-- REQUIRED WORK --
Write out exactly the lines from the one that contains "Assiettes à dîner" down to the last line of the material below, keeping both ends and omitting pictures.

········

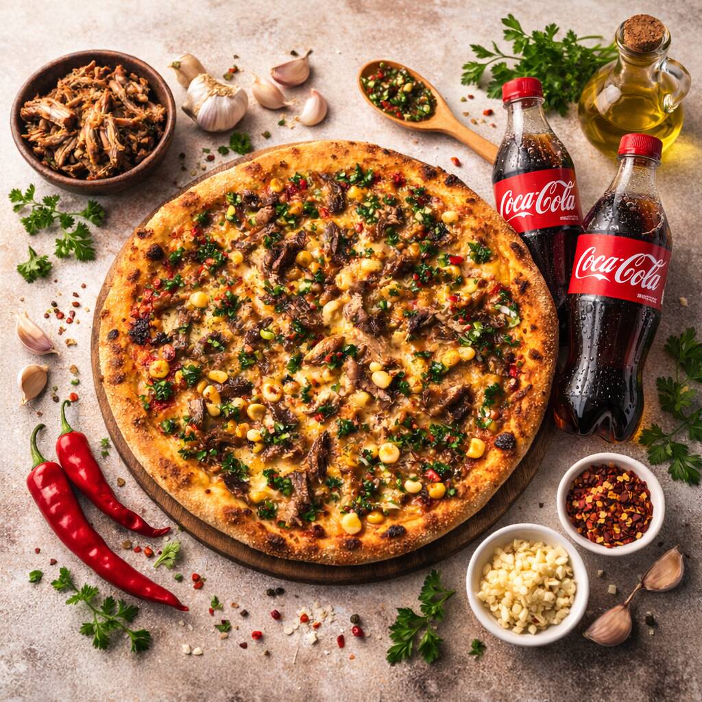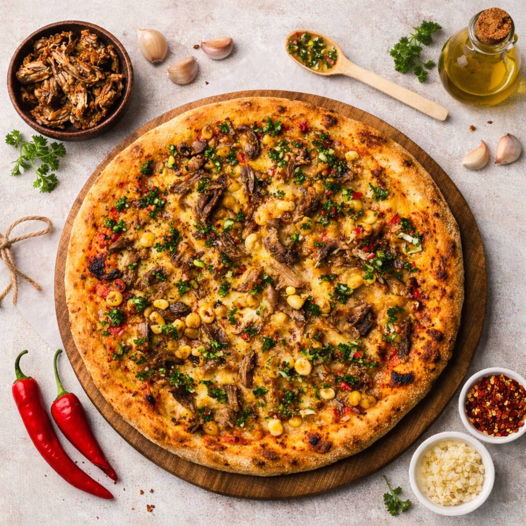 Pizza napolitana artesanal con masa fermentada 24h (baja en gluten). Salsa de tomate San Marzano, Mozzarella, cerdo parrillado, maíz y chimichurri. Tamaño 30cm, 8 porciones
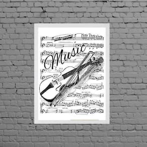 Quadro decorativo music violino 33x24cm - com vidro Moldura: madeira preta Informações do produto tire todas as suas dúvidas no descritivo abaixo: decoração para quarto, sala, cozinha, escritório, área gourmet e muito mais. Chega de paredes vazias medidas - cada peça tem 33x24cm a4 . Material do papel - papel fotográfico brilhante de altíssima resolução acabamento - todos os quadros são acompanhados de vidro para proteção da imagem. - moldura em madeira maciça na cor preta e pendurador . - os quadros são embalados de forma segura com plástico bolha com camada dupla de acordo com o tamanho dos quadros. - de 3 meses. Meu quadro chegou. Como posso fixá-lo Você precisa apenas de um martelo e um prego, pois os quadros já vão acompanhados de penduradores. Esta é a forma mais indicada. Como posso limpar meu quadro A limpeza é feita como um móvel comum da sua casa. Apenas um pano seco ou espanador são suficientes para tal Ean: 7895142248907
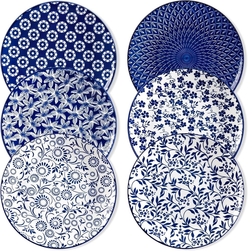 Assiettes à dîner en céramique personnalisées, grandes assiettes vintage pour la cuisine, assiettes en porcelaine bleues et blanches, compatibles micro-ondes et lave-vaisselle
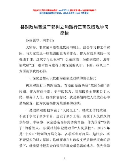 / 县财政局普通干部树立和践行正确政绩观学习感悟
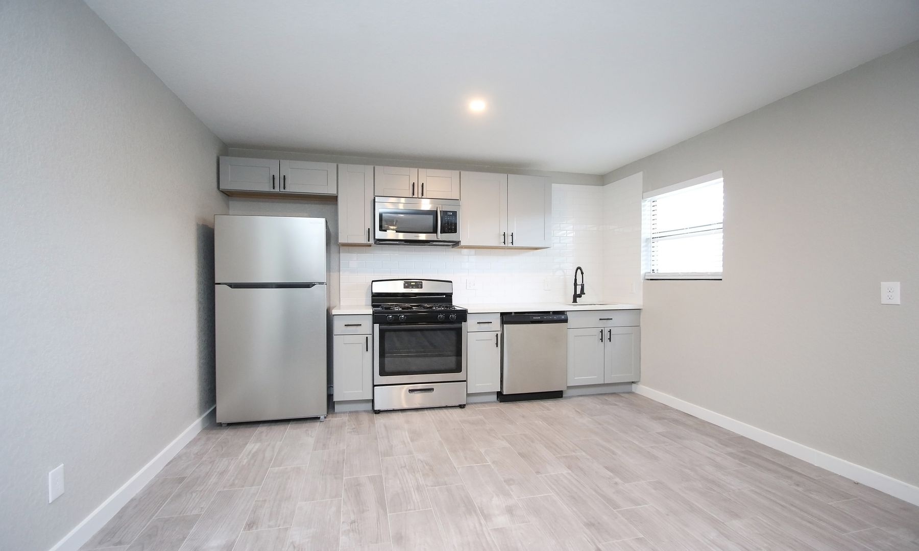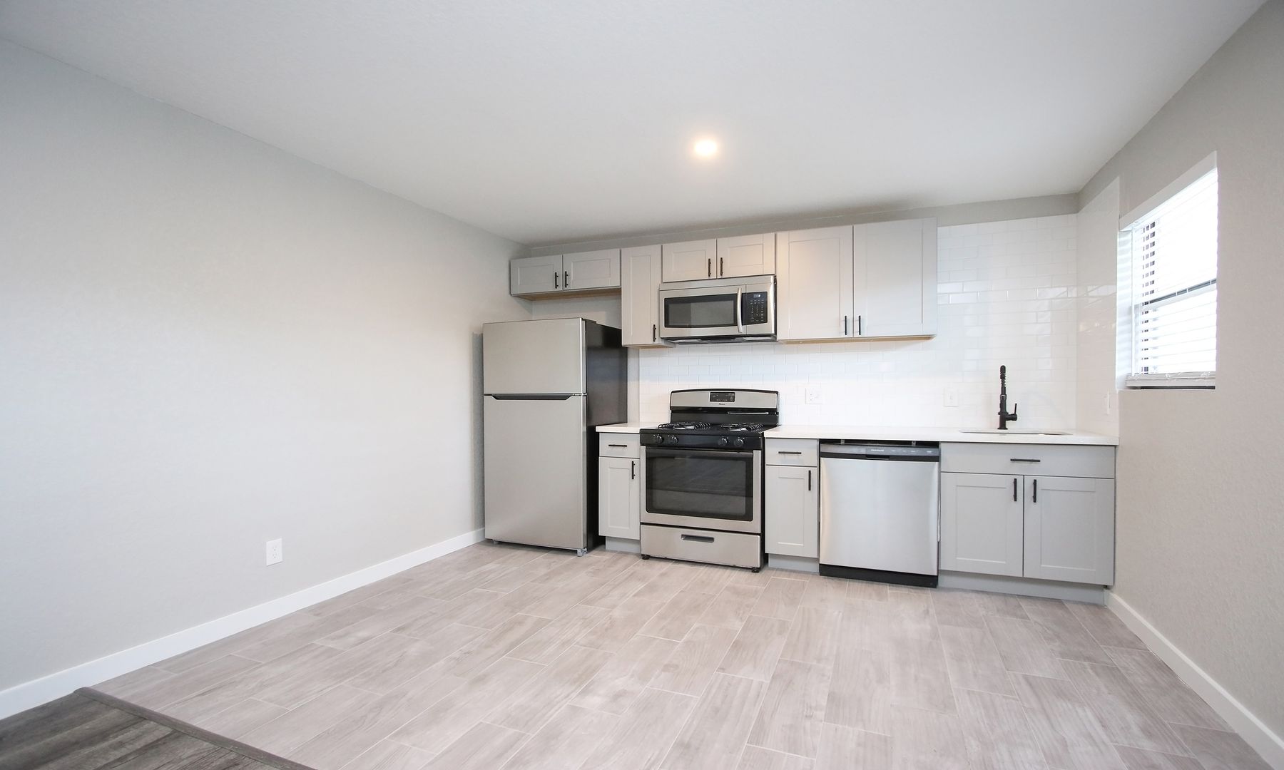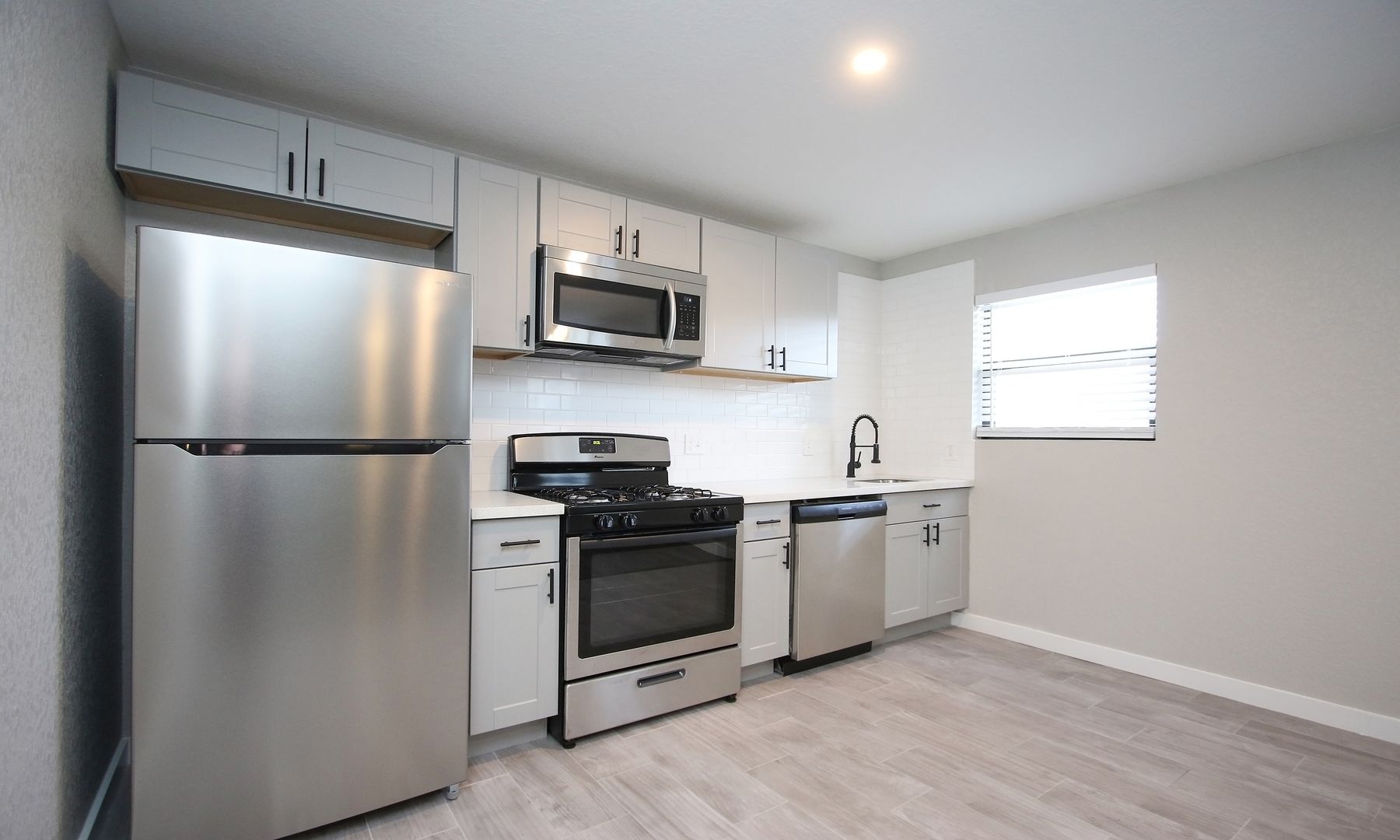 This two bedroom has been completely transformed with beautiful white quartz counters, stainless-steel appliances, and in-unit laundry! Photos of model unit, final finishes may vary.

········

-- WRITTEN RESPONSE --
 Assiettes à dîner en céramique personnalisées, grandes assiettes vintage pour la cuisine, assiettes en porcelaine bleues et blanches, compatibles micro-ondes et lave-vaisselle
 / 县财政局普通干部树立和践行正确政绩观学习感悟
 This two bedroom has been completely transformed with beautiful white quartz counters, stainless-steel appliances, and in-unit laundry! Photos of model unit, final finishes may vary.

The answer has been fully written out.